String Quartet in c minor
Anton Bruckner (1824-1896) is, of course, one of the great symphonists of the last half of the 19 century. He also wrote two fine works of chamber music, which unlike his symphonies are rarely if ever performed in public. This is a shame as they have many fine qualities which, in part, shed a different light on this composer.
Brucker was originally trained as a organist and as a composer of church music. The quality of his playing was such that he was eventually able to obtain the prestigious position of cathedral organist of Linz. Although already in his mid thirties, he undertook a study of conducting and was exposed to the music of Richard Wagner. At the same time, he was allowed to regularly travel to Vienna where he continued his composition studies with famous teacher of counterpoint, Simon Sechter. These two events were of signal importance in Bruckner's life. Up until this point, he had been devotee of Bach, and to some extent the classical composers such as Mozart and Haydn.

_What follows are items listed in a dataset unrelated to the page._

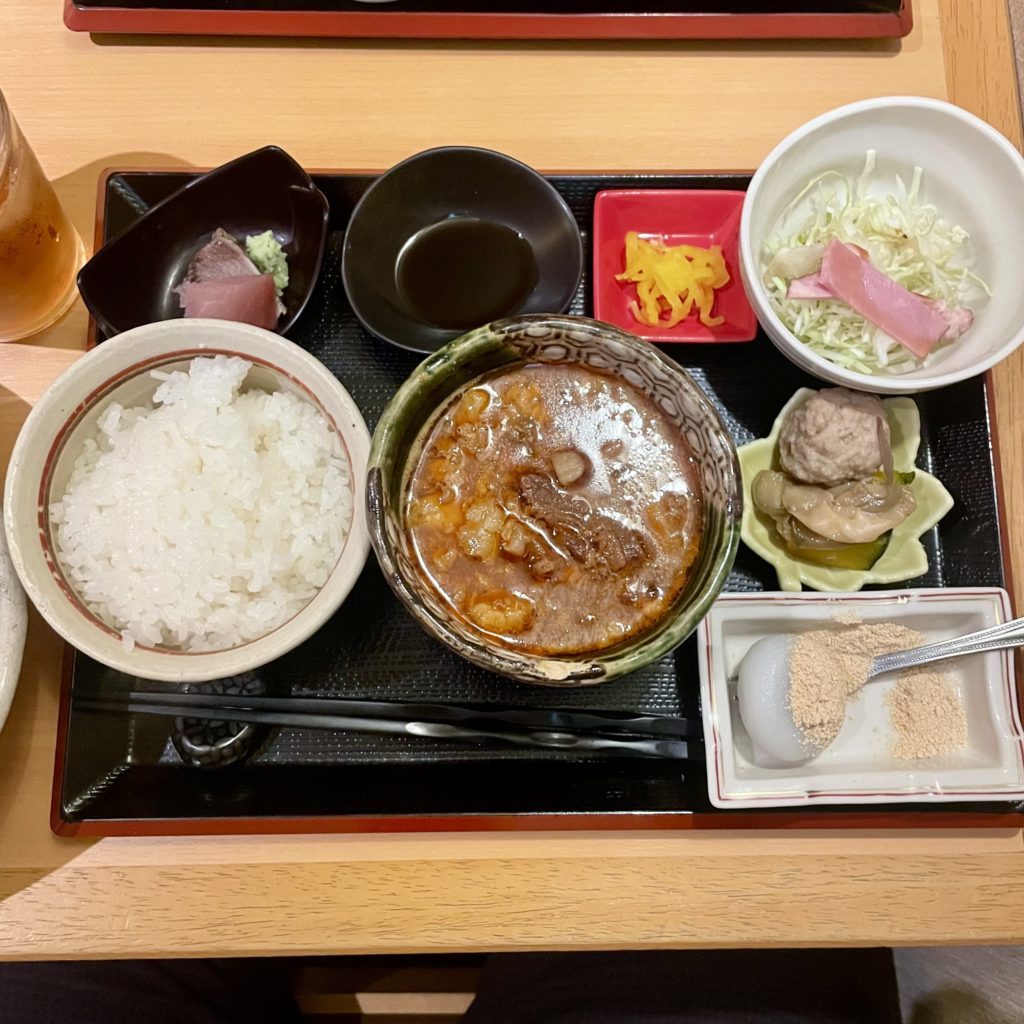 つけ汁は甘辛い味付けで、関西人が好みそうな懐かしさを感じる牛すじスープ。
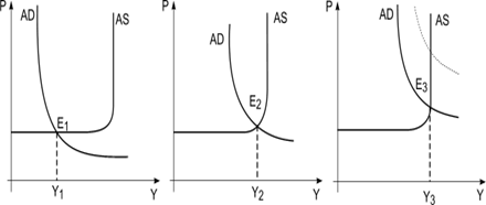 Кейнсианская экономическая теория оспаривает существование такого механизма саморегулирования. На основе эмпирических данных, полученных в период Великой Депрессии, Д. Кейнсу удалось доказать, что полная занятость в нерегулируемой экономике может возникнуть только случайно. Равновесие спроса и предложения, как правило, не совпадает с полной занятостью ресурсов: в точке А устанавливается равенство AD = AS, однако равновесный объем производства YQ
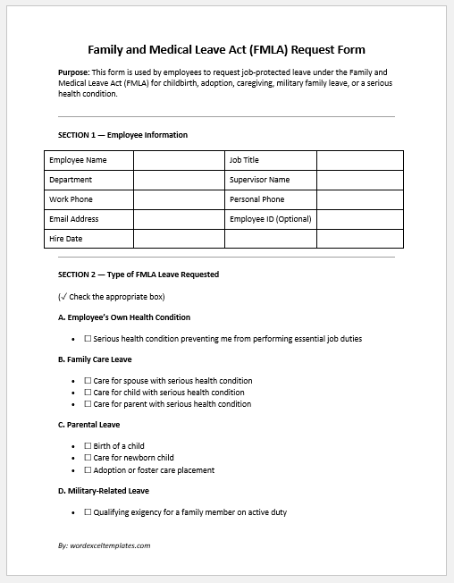 - Family and Medical Leave Act (FMLA) Request Form

At the time he wrote his quartet, in 1862, he was completing his studies with Sechter and putting the finishing touches on his technique of orchestration and instrumentation. The Quartet arose from these studies and shows the mastery of form and technique that Bruckner had attained as a result of them. Though classical in form, the thematic material is highly romantic. The opening Allegro consists of a conversational interplay between two themes, the first reminiscent of Bach, the somewhat mysterious second already showing Bruckner's later style. The second movement, Andante, begins in a subdued fashion, later a Schubertian interlude leads to the rhythmically interesting second theme. The Scherzo which follows is quite typical of Bruckner's later symphonic style. The theme comes in wave like episodes heightened by the syncopated dotted rhythm. The trio consists of a lovely Austrian Lšndler (country dance). The exciting finale, Rondo-Presto, is characterized by brilliant passages, voice leading and fine string writing.